**Records excerpted from a collection:**
*** Block opens ***

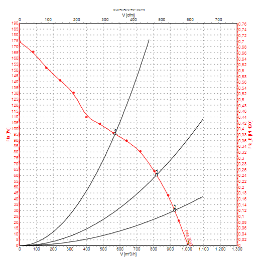 电压 [伏特] 频率 [赫兹] 转速 [转 / 分钟] 功率 [瓦特] 电流 [安培] 风量 [立方米 / 小时] 静压 [帕斯卡] 1 230 50 2630 60 0.30 880 0 2 230 50 2585 64 0.31 795 30 3 230 50 2530 66 0.31 680 60 4 230 50 2480 69 0.32 540 80 测量值
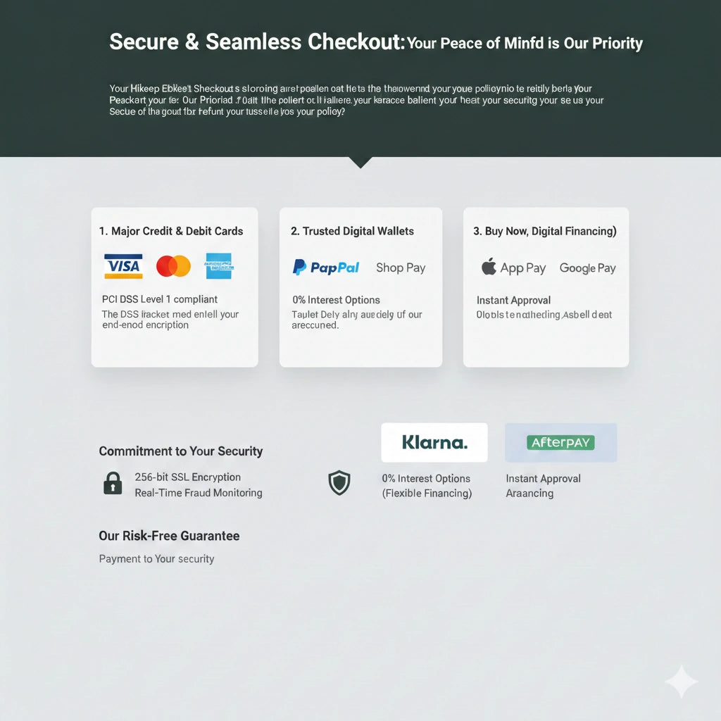 We accept all major credit and debit cards, including Visa, Mastercard, and American Express. Every transaction is protected with the latest encryption technology to keep your payment information safe.
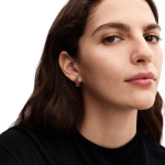 Remata tu look con un toque de brillo con estos delicados pendientes de aro, que se presentan con una fila de cristales sintéticos de color rosa. Exprésate con este diseño super bonito.
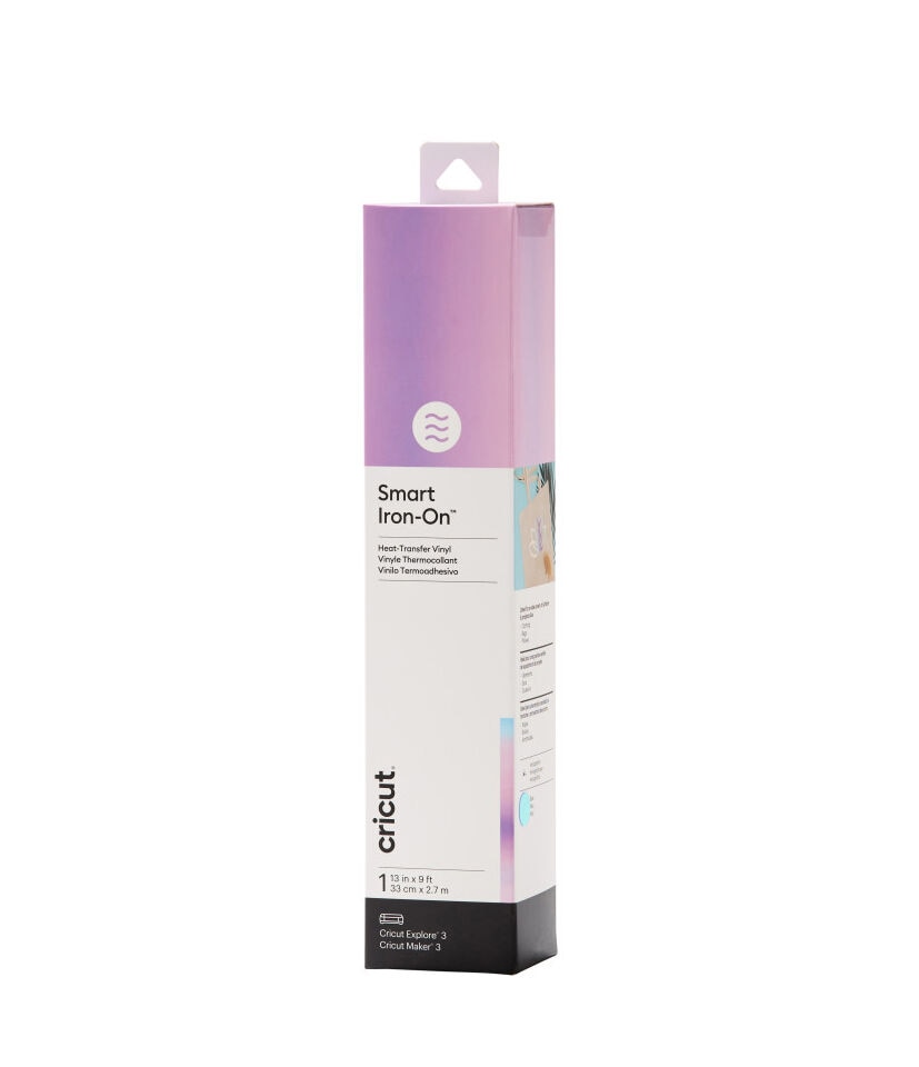 Give your apparel and home decor a bit of groovy holographic shine with Smart Iron-On Holographic. This nifty material works without a cutting mat, so you can just load and go. Adding a touch of shine to tees, totes, and more has never been easier. Smart Iron-On works on a wide variety of materials (even wood!). For use with Cricut Explore 3 and Cricut Maker 3. For effortless application, use Cricut EasyPress. Or apply with household iron.
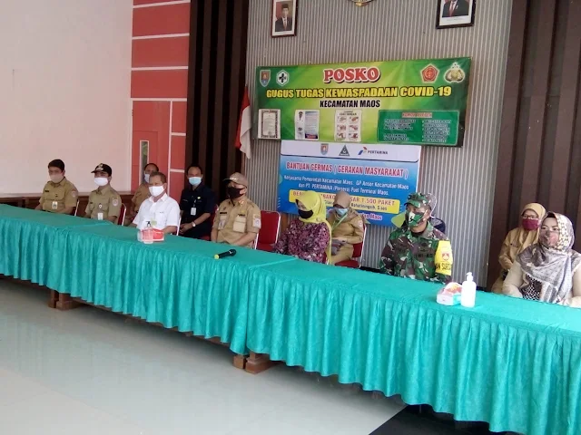 Bantuan tersebut secara simbolis diberikan kepada Ketua TP PKK Kabupaten Cilacap Hj. Teti Rohatiningsih S.Sos yang selanjutnya untuk dibagikan kepada warga yang ada di 10 desa di wilayah Kecamatan Maos. Kegiatan tersebut dihadiri Camat Maos Bintang Dwi Cahyono, Danramil 07/Maos Kapten Inf Joko Yunanto, Kapolsek Maos Iptu Iwan Efendi SH. MM, Kepala Upt Puskesmas Maos dr. Sri Utami, Kepala TBBM Maos Sonny, Ketua Ranting GP Ansor Maos Heriyanto dan para pejabat Dinas Instansi se Kecamatan Maos.

*** Block closes ***

Copy exactly, and copy nothing else: the lines from the start of the data above through the line that holds "Give your apparel". The pictures stay out.

 电压 [伏特] 频率 [赫兹] 转速 [转 / 分钟] 功率 [瓦特] 电流 [安培] 风量 [立方米 / 小时] 静压 [帕斯卡] 1 230 50 2630 60 0.30 880 0 2 230 50 2585 64 0.31 795 30 3 230 50 2530 66 0.31 680 60 4 230 50 2480 69 0.32 540 80 测量值
 We accept all major credit and debit cards, including Visa, Mastercard, and American Express. Every transaction is protected with the latest encryption technology to keep your payment information safe.
 Remata tu look con un toque de brillo con estos delicados pendientes de aro, que se presentan con una fila de cristales sintéticos de color rosa. Exprésate con este diseño super bonito.
 Give your apparel and home decor a bit of groovy holographic shine with Smart Iron-On Holographic. This nifty material works without a cutting mat, so you can just load and go. Adding a touch of shine to tees, totes, and more has never been easier. Smart Iron-On works on a wide variety of materials (even wood!). For use with Cricut Explore 3 and Cricut Maker 3. For effortless application, use Cricut EasyPress. Or apply with household iron.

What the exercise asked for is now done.